YOUR OBJECTIVE — Look through the data below for the line with "6年生が国語で「風切るつばさ" and the line with "Part of the", then transcribe exactly from the first through the second, leaving out all pictures.

LISTED RECORDS —
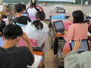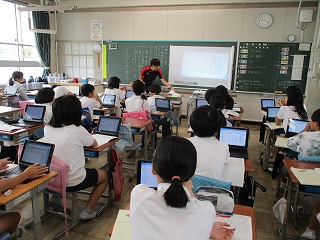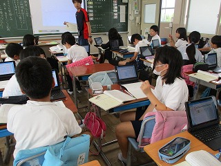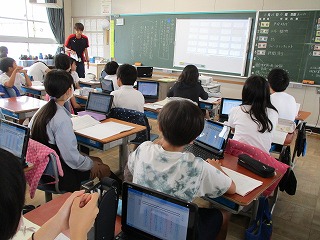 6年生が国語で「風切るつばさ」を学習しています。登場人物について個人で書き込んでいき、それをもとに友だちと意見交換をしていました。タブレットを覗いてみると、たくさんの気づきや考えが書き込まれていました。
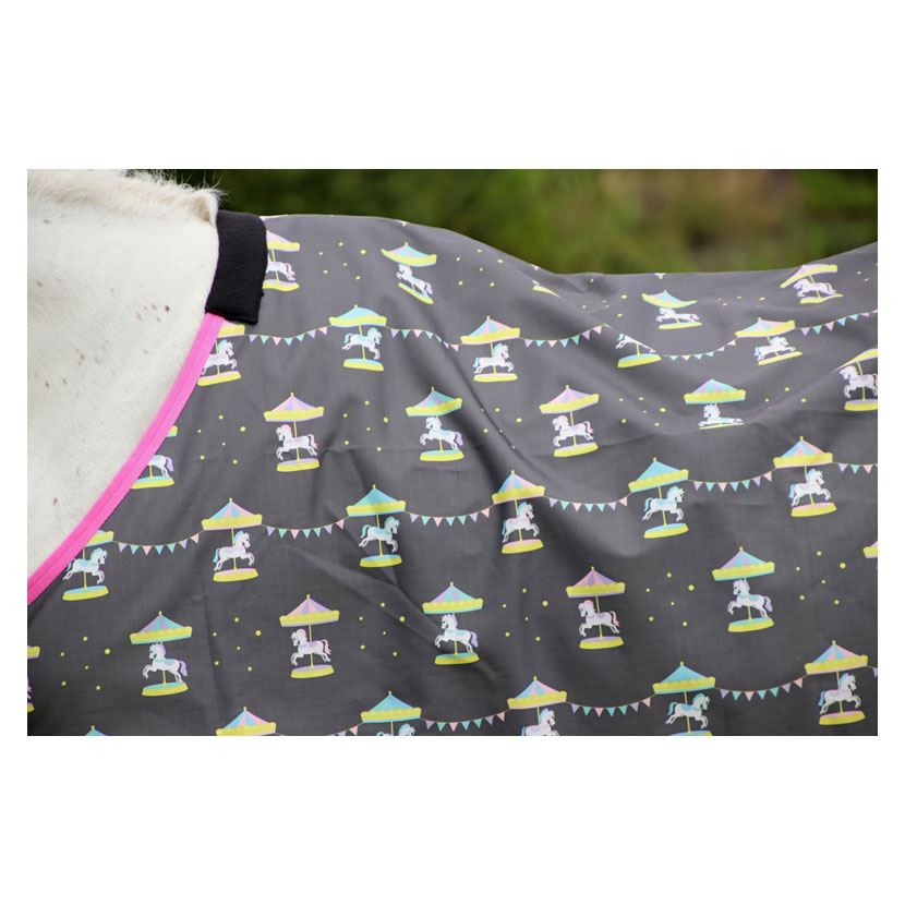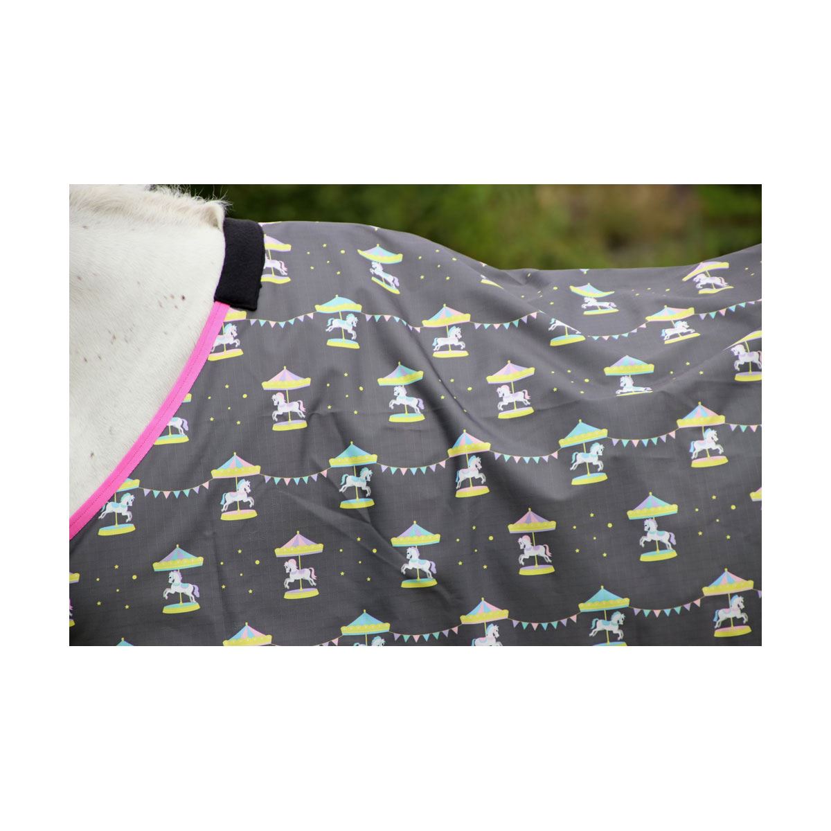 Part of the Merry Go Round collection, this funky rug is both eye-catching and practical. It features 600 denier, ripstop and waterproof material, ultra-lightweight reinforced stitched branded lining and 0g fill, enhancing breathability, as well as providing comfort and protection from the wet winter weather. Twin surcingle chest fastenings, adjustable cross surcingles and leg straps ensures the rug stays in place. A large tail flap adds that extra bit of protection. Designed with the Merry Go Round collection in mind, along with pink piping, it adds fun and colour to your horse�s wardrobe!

--

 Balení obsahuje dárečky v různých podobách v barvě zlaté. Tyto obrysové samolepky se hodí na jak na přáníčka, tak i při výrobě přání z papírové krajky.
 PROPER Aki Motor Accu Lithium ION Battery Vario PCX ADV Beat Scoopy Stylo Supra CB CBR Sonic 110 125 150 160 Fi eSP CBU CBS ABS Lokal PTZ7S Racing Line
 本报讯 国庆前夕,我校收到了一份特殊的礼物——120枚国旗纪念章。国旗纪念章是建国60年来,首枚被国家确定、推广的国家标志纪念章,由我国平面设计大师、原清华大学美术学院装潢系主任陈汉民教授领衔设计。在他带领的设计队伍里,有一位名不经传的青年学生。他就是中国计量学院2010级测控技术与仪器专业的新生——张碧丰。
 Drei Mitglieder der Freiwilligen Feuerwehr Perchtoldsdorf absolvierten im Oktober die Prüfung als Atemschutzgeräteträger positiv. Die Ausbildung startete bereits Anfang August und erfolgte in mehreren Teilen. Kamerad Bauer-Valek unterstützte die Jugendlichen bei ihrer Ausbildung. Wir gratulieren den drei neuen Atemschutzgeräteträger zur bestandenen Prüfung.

SOLUTION TO THE PROBLEM —
 6年生が国語で「風切るつばさ」を学習しています。登場人物について個人で書き込んでいき、それをもとに友だちと意見交換をしていました。タブレットを覗いてみると、たくさんの気づきや考えが書き込まれていました。
 Part of the Merry Go Round collection, this funky rug is both eye-catching and practical. It features 600 denier, ripstop and waterproof material, ultra-lightweight reinforced stitched branded lining and 0g fill, enhancing breathability, as well as providing comfort and protection from the wet winter weather. Twin surcingle chest fastenings, adjustable cross surcingles and leg straps ensures the rug stays in place. A large tail flap adds that extra bit of protection. Designed with the Merry Go Round collection in mind, along with pink piping, it adds fun and colour to your horse�s wardrobe!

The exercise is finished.